MDMA – commonly known as Ecstasy or Molly – could be approved in the US for treatment of post-traumatic stress disorder as early as next year. Phase 3 trials are currently underway, and if successful, will clear the way for FDA approval.
Scientists are excited about the huge step this represents for therapeutic psychedelics research. Many believe this approval could be the first of similar drug-assisted treatments for various other mental health issues.
MDMA’s fraught history
MDMA took off in psychotherapeutic circles in the 1970s, with hundreds of therapists administering it over the next two decades. They reported astounding results. Patients were making progress that would normally take years within just a few sessions.
Unfortunately, once Ecstasy escaped onto the streets and became a staple party drug, public opinion soured.
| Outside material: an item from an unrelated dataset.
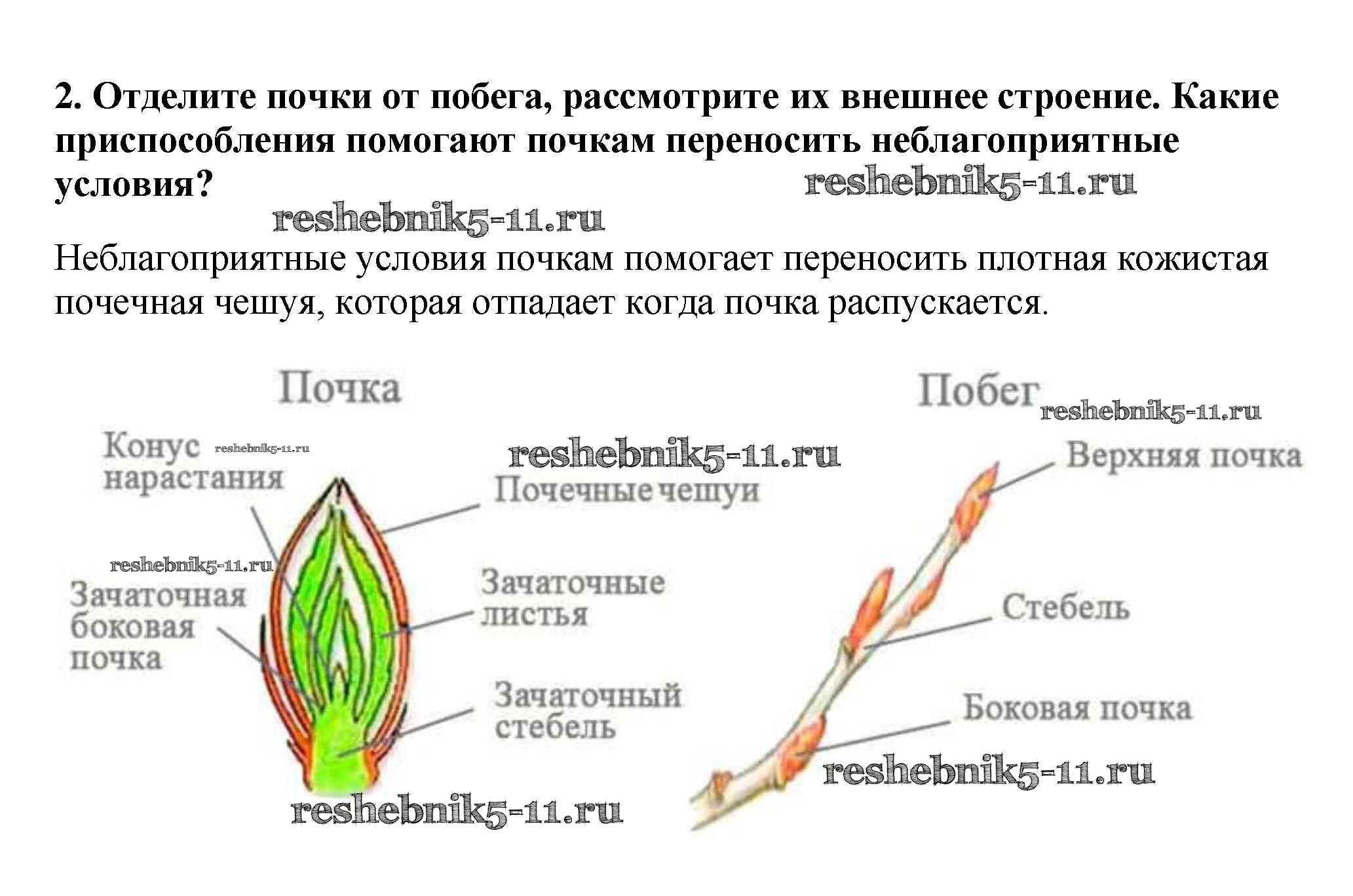 Решебник / §5 / строение почек. расположение почек на стебле / 2

In 1985, the US DEA classified it as a Schedule I drug, making its possession an offence punishable by 15 years in prison. Propaganda posters appeared, with colourful ‘Swiss cheese’-esque brain scans, warning “This is your brain on ecstasy.”
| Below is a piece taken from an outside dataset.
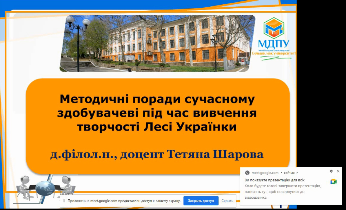 Шарова Т.М. виступила із доповіддю на тему: «Методичні поради сучасному здобувачеві під час вивчення творчості Лесі Українки», подавши на презентації сучасні аспекти вивчення творчості письменниці.

Neurologists like George Ricaurte claimed MDMA was neurotoxic and would cause “permanent brain damage” with just one dose. Such claims were later debunked as applying to amphetamine, not MDMA.
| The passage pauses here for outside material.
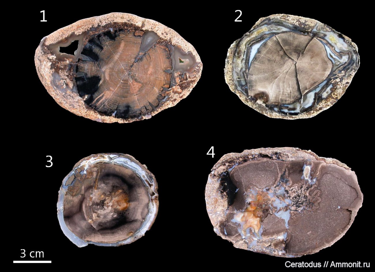 Срезы pepperwood tree (1-3) и palmoxylon (4) из Eden Valley, штат Вайоминг. Превый образец происходит из местности Crazy Horse и не содержит агатовых включений голубого цвета. Остальные три образца типичные представители Blue Forest wood и содержат участки агатизации голубого или желто-коричневого цвета. На образцах 1 и 3 хорошо заметны следы деятельности насекомых древоточцев.

Contemporary animal studies have revealed MDMA causes massive and long-lasting surges of serotonin. Serotonin is a mood stabiliser that controls happiness. These serotonin surges also trigger hormones that promote feelings of interpersonal closeness and bonding.
MDMA also reopens a stage of brain development neurologists call the ‘critical period’. This describes a phase when the brain is better able to make and store new memories. For sufferers of PTSD, returning to this malleable state allows them to process trauma related to negative memories.
In October of last year, the Multidisciplinary Association for Psychedelic Studies (MAPS) published its findings from the first ever late-stage psychedelic clinical trial. This first Phase 3 trial observed 90 participants, who included veterans, sexual assault and mass shooting survivors and first responders.
All participants had been diagnosed with PTSD for an average of over 14 years. 90% had considered suicide.
At the conclusion of the trial’s MDMA-assisted therapy course, 67% of participants no longer met the diagnostic criteria for PTSD, and more than a fifth displayed a ‘clinically significant response’. Depression symptoms plummeted, and there was no evidence of increased suicidal thinking or potential for misuse. One participant reported, “Literally, I’m a different person.”
The FDA will need a second successful Phase 3 trial before it approves MDMA-assisted therapy – which is now underway with 100 participants. FDA approval could be granted as soon as 2023.
Mental health experts and patients alike hope this research and eventual approval is only the start. Other studies reveal MDMA’s potential in assisting difficult-to-treat mental health issues like alcohol abuse, OCD, phobias, eating disorders, depression, end-of-life anxiety, social anxiety in autistic adults.
After that, the sky is the limit. Other psychedelics are being investigated with renewed vigour for their therapeutic potential. Psilocybin (the psychedelic component in ‘magic mushrooms’) was recently found to be more effective than a common antidepressant.
Jennifer Mitchell, lead author of the MDMA study, is thrilled, “this is a wonderful, fruitful time for discovery, because people are suddenly willing to consider these substances as therapeutics again, which hasn’t happened in 50 years”.